Piquemal ayrıca, İspanya ve Portekiz ile sınır ötesi enerji altyapısına yatırım yapmayı uzun süredir reddeden Fransa için kilit bir konu olan iç ağları güçlendirirken sistem genelindeki tüm maliyetleri hesaba katan "küresel bir yaklaşımın" önemini vurguladı.
AB Komisyonu’nun bir sonraki çok yıllı bütçeye ilişkin önerisi, enerji projeleri için 2021–2027 döneminde ayrılan 5,8 milyar euronun çok üzerinde bir kaynağı öngörüyor. Buna göre, söz konusu alana 29,9 milyar euro tahsis edilmesi planlanıyor.
Bu artış, AB’nin temiz enerji taşımaya uygun yeni altyapıları yenileyerek ya da inşa ederek enerji dayanıklılığını güçlendirme hedefinin bir parçası. Aynı zamanda, Birliğin 2050’ye kadar iklim nötrlüğüne ulaşma hedefi doğrultusunda atılmış önemli bir adım olarak değerlendiriliyor.
'Parayı takip etmek zor'
Ancak AB kanun yapıcıları ve denetçilerine göre, bloğun sınır ötesi projelere yönelik finansman programı kapsamındaki yeni kurallar şeffaflığı azaltacak.
Komisyon, 2027 sonrası çok yıllı bütçede CEF için de geçerli olacak daha fazla esneklik getirmeye karar verdi.
AB yürütme organı, pandemi sırasında üye devletlere yardımcı olmak için kullanılan bir mali araç olan Kurtarma ve Dayanıklılık Tesisi modelini (RRF) CEF için bir plan olarak kullanmayı öneriyor.
Avrupa Parlamentosu'nun (AP) ulaştırma komitesinden milletvekilleri, yeterli denetim ve denge olmaksızın Komisyon'a daha fazla hareket alanı sağlayacağını söyleyerek öneriyi reddettiler. AB yürütme organının ulusal planların tasarımında uygunluk ve ödül kriterlerini kaldırma önerisini de eleştirdiler.
Milletvekilleri bu tür bir esneklik artışının, her yıl AB genel bütçesinin uygulanmasını denetleyen Parlamento'nun harcamaları denetleme kabiliyetini azaltacağını vurguladı.
Benzer endişeler, CEF kapsamındaki sözleşmelere tanınan esnekliklerin denetim çalışmalarını baltalayabileceğinden korkan Avrupa Sayıştayı (ECA) tarafından da dile getirildi.
Bir ECA sözcüsü, Euronews'e yaptığı açıklamada, "RFF'ye ne kadar yakın olunursa, parayı takip etmek o kadar zorlaşır," diyerek, CEF'in RFF ile aynı model altında olması halinde ECA'nın fonları izlemek için yasal bir yetkisi olmayacağını söyledi.
Ulaştırma Komiseri Apostolos Tzitzikostas, endişeleri gidermek için daha ayrıntılı finansman kriterlerinin çalışma programlarında ve uygulama sırasında yayınlanan proje çağrı metinlerinde belirtileceğini ifade etti.
CEE Bankwatch Network adlı sivil toplum kuruluşunun (STK) gaz kampanyası lideri Gligor Radecic, AB yürütme organı tarafından finansman almak üzere listelenen projelerin değerlendirilmesinden gaz operatörlerinin sorumlu olmasının mantıksız olduğunu belirtti.
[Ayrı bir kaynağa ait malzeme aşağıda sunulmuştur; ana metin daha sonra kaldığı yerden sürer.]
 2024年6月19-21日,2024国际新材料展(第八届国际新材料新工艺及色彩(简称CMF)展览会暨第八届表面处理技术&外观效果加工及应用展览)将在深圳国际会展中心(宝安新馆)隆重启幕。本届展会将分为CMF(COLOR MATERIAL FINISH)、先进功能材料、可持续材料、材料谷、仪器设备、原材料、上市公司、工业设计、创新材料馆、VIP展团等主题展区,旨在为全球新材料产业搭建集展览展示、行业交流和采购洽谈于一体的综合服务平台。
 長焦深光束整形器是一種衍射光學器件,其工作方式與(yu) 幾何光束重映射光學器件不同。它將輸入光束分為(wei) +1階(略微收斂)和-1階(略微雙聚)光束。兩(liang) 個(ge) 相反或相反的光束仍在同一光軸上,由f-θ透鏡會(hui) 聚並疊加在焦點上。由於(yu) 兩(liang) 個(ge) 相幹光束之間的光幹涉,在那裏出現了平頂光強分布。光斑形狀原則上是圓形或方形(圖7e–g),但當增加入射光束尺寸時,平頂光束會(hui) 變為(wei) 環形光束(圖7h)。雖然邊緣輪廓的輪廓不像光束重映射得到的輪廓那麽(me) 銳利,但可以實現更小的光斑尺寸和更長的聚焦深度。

Radecic, "Gerekli bilgi birikimi ve kapasiteye sahip tek aktörler olmaları nedeniyle bazı projelerin iletim sistemi operatörleri tarafından desteklenmesi beklenirken, ENTSOG (gaz iletim operatörleri) tarafından temsil edilen aynı şirketlerin bu projeleri değerlendirmekten de sorumlu olması pek mantıklı değil," dedi.
Enerji bakanları pazartesi günü Konsey'in AP ile müzakerelere başlama yetkisini destekledi.
Bununla birlikte, programın 2028-2034 bütçe kararı henüz ilk tartışmalarda ve nihayetinde 2027'den önce olmaması beklenen bir sonraki çok yıllı bütçe üzerindeki nihai anlaşmaya bağlı olacak.